WORK REQUIRED: After removing every image, reproduce the data exactly as it appears.

DATA PROVIDED:
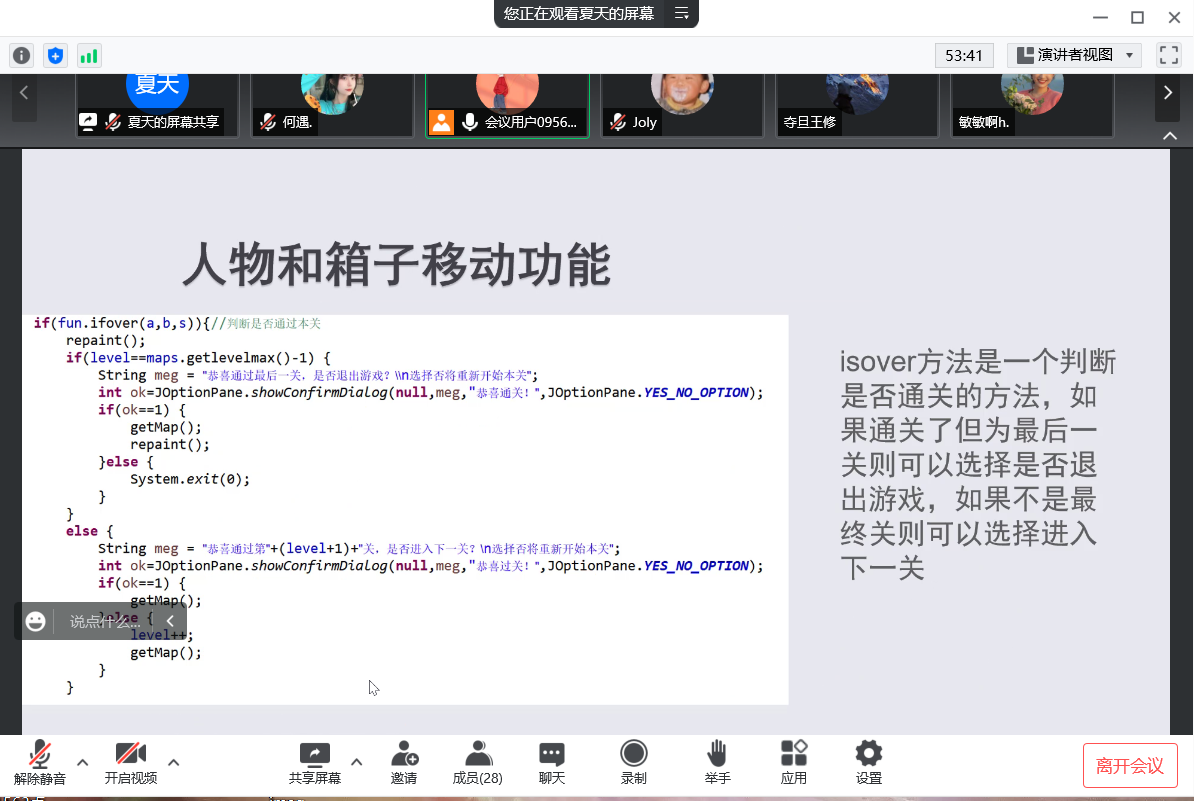 【图十九】刘红滟老师做人物推箱子功能设计与实现讲座
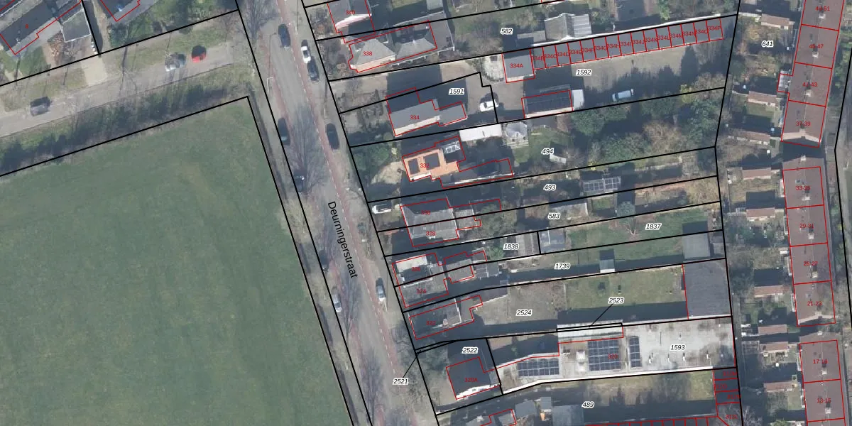 Deurningerstraat 330 is gelegen op kadastraal perceel LNK00R493. Deze kadastrale aanduiding is uniek en wordt gebruikt door het Kadaster om eigendomsrechten en andere zakelijke rechten vast te leggen. Het perceel maakt onderdeel uit van de kadastrale gemeente Lonneker.
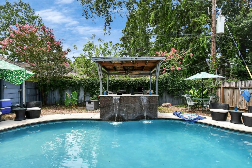 In Houston, TX, you get a spacious 4-bed, 2.5-bath, 3,031 sqft home on a 9,461 sqft lot with a 3-car garage, a covered patio, a pool with a waterfall feature and an outdoor bar.
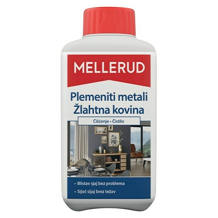 Mellerud sredstvo za čišćenje plemenitih metala čisti predmete od nehrđajućeg čelika i metala. Brzo i temeljito uklanja masne naslage, otiske prstiju, masnoću, ulje, čađu, nikotin i prljavštinu. Nježno uklanja mrlje od vode i kamenac te ne ostavlja ogrebotine na površini. Tretman ne oštećuje nehrđajući čelik ili metal i vraća materijalu njegov izvorni izgled. Može se koristiti na unutarnjim i vanjskim metalnim površinama kao što su nehrđajući čelik, lijevano željezo, cink, aluminij, mesing, bakar i kositar. Čistač je posebno pogodan za čišćenje metalnih površina u kuhinji (štednjak, sudoper, hladnjak i sl.), okvira prozora i polica, poštanskih sandučića, ograda, ručki, lampi i alata. Proizvod jednostavno pošpricajte po površini, ostavite da djeluje kratko vrijeme i zatim čistom mokrom krpom obrišite prljavštinu.

OUTPUT OF THE EXERCISE:
 【图十九】刘红滟老师做人物推箱子功能设计与实现讲座
 Deurningerstraat 330 is gelegen op kadastraal perceel LNK00R493. Deze kadastrale aanduiding is uniek en wordt gebruikt door het Kadaster om eigendomsrechten en andere zakelijke rechten vast te leggen. Het perceel maakt onderdeel uit van de kadastrale gemeente Lonneker.
 In Houston, TX, you get a spacious 4-bed, 2.5-bath, 3,031 sqft home on a 9,461 sqft lot with a 3-car garage, a covered patio, a pool with a waterfall feature and an outdoor bar.
 Mellerud sredstvo za čišćenje plemenitih metala čisti predmete od nehrđajućeg čelika i metala. Brzo i temeljito uklanja masne naslage, otiske prstiju, masnoću, ulje, čađu, nikotin i prljavštinu. Nježno uklanja mrlje od vode i kamenac te ne ostavlja ogrebotine na površini. Tretman ne oštećuje nehrđajući čelik ili metal i vraća materijalu njegov izvorni izgled. Može se koristiti na unutarnjim i vanjskim metalnim površinama kao što su nehrđajući čelik, lijevano željezo, cink, aluminij, mesing, bakar i kositar. Čistač je posebno pogodan za čišćenje metalnih površina u kuhinji (štednjak, sudoper, hladnjak i sl.), okvira prozora i polica, poštanskih sandučića, ograda, ručki, lampi i alata. Proizvod jednostavno pošpricajte po površini, ostavite da djeluje kratko vrijeme i zatim čistom mokrom krpom obrišite prljavštinu.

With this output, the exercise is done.